The syntax is a bit weird; python, swift, rust, and zig feel more parsimonious.
I absolutely love multimethods, but I think the language would have been better served by non-symmetric multimethods (rather than the symmetric multimethods which are used). The reason is that symmetric multimethods require a PHD-level compiler implementation. That, in turn, means a developer can't easily picture what the compiler is doing in any given situation. By contrast, had the language designers used asymmetric multimethods (where argument position affects type checking), compilation becomes trivial -- in particular, easily allowing separate compilation. You already know how: it's the draw shapes trick i.e., double-dispatch. So in this case, it's trivial to keep what compiler is "doing" in your head. (Of course, the compiler is free to use clever tricks, such as dispatch tables, to speed things up.)
The aforementioned interacts sensitively with JIT compilation, with the net outcome that it's reportedly difficult to predict the performance of a snippet of Julia code.
> The syntax is a bit weird
In what way? It's more-or-less the same syntax as Ruby and Elixir, just with different keywords. Like as much as I love Zig, Zig's syntax is way weirder than Julia's IMO (and none of 'em hold a candle to the weirdness of, say, Erlang or Haskell or Forth or Lisp).

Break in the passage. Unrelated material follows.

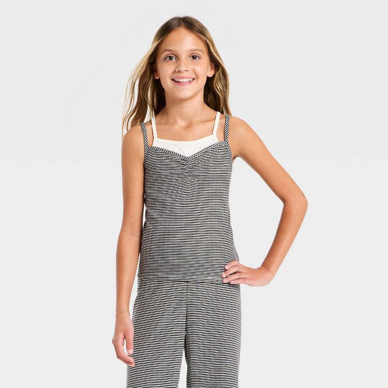 Girls' Jacquard Striped Tank Top and Pants Pajama Set - art class™ Black XL
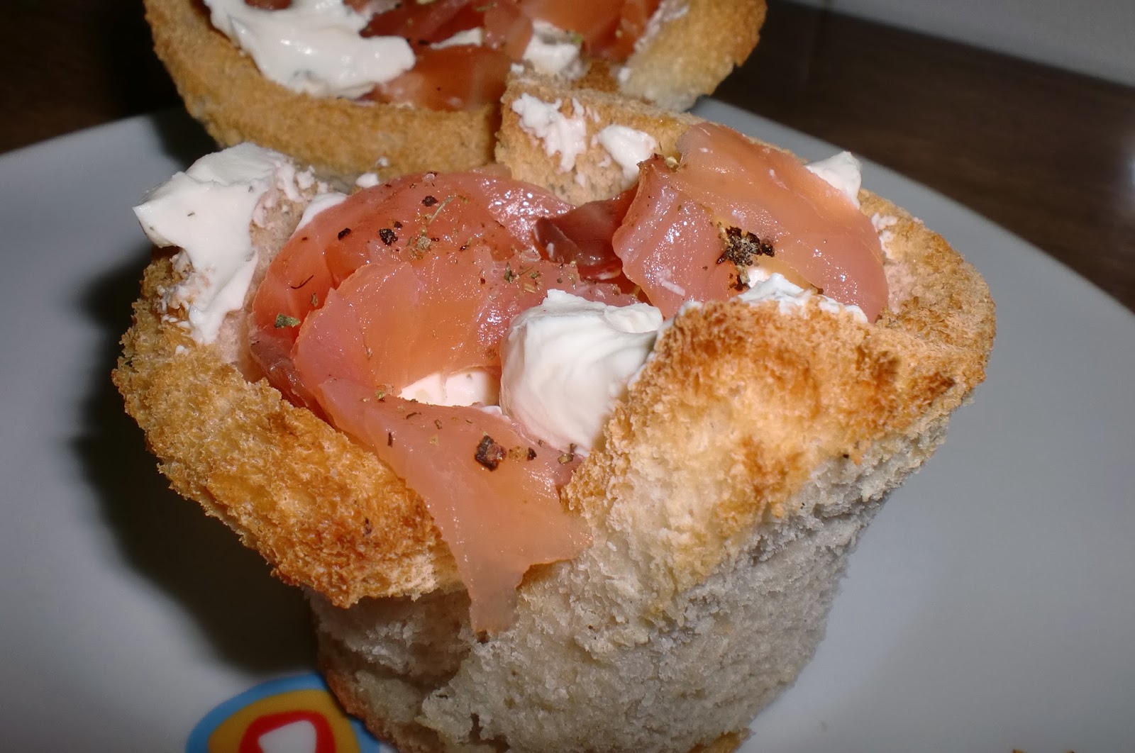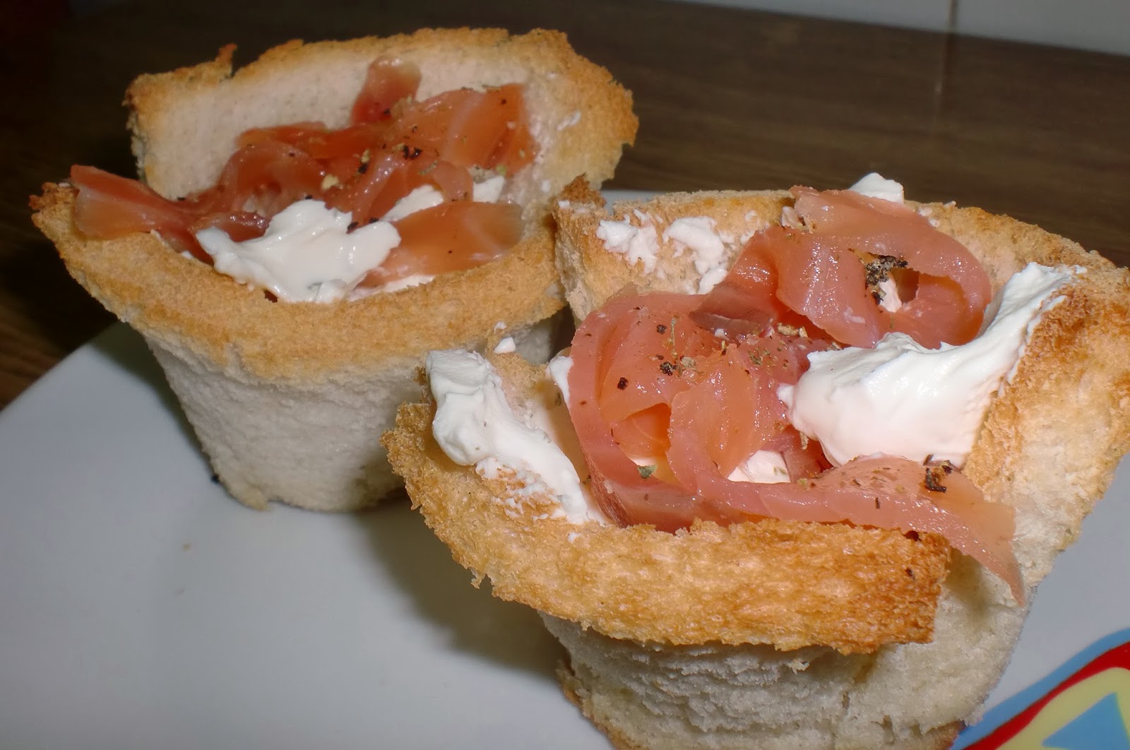 Sacamos nuetras cestas de los moldes y rellenamos con nuestros ingredientes elegidos en esta ocasion SALMON Y QUESO!!!!

Just to clarify the above:
1. I use the term "performance" slightly vaguely. It's comprised of two distinct things: the time it takes to compile the code, and the execution time. The issue is the compilation time: there are certain cases where it's exponential in the number of types which could unify with the callsite's type params.

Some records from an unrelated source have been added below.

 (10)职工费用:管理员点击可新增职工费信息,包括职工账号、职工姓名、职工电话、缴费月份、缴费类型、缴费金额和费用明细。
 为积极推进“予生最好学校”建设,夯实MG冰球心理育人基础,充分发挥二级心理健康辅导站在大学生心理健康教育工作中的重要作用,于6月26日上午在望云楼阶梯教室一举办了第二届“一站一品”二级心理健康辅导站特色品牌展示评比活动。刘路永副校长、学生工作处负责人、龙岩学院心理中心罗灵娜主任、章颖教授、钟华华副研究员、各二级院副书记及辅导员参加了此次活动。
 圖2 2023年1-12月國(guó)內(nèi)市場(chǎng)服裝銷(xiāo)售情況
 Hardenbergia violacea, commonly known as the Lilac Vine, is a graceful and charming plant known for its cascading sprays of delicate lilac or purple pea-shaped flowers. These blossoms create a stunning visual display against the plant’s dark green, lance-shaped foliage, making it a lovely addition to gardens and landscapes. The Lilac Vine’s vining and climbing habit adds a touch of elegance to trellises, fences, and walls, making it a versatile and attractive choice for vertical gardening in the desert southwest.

2. IIRC, Julia compiler has heuristics to ensure things don't explode for common cases. If I'm not mistaken, not only do compile times explode, but certain (very common) things don't even typecheck. There's an excellent video about it by the designer of the language, Jeff Bezanson -- https://www.youtube.com/watch?v=TPuJsgyu87U . Note: Julia experts, please correct me if this has been fixed.
3. The difficulty in intuiting which combinations of types will unify at a given callsite isn't theoretical; there are reports of libraries which unexpectedly fail to work together. I want to qualify this statement: Julia is light years ahead of any language lacking multimethods when it comes to library composability. But my guess is that those problems would be reduced with non-symmetric multimethods.
4. The non-symmetric multimethod system I'm "proposing" isn't my idea. They are referred to variously as encapsulated or parasitic multimethods. See http://lucacardelli.name/Papers/Binary.pdf
I have huge respect for Jeff Bezanson, for the record!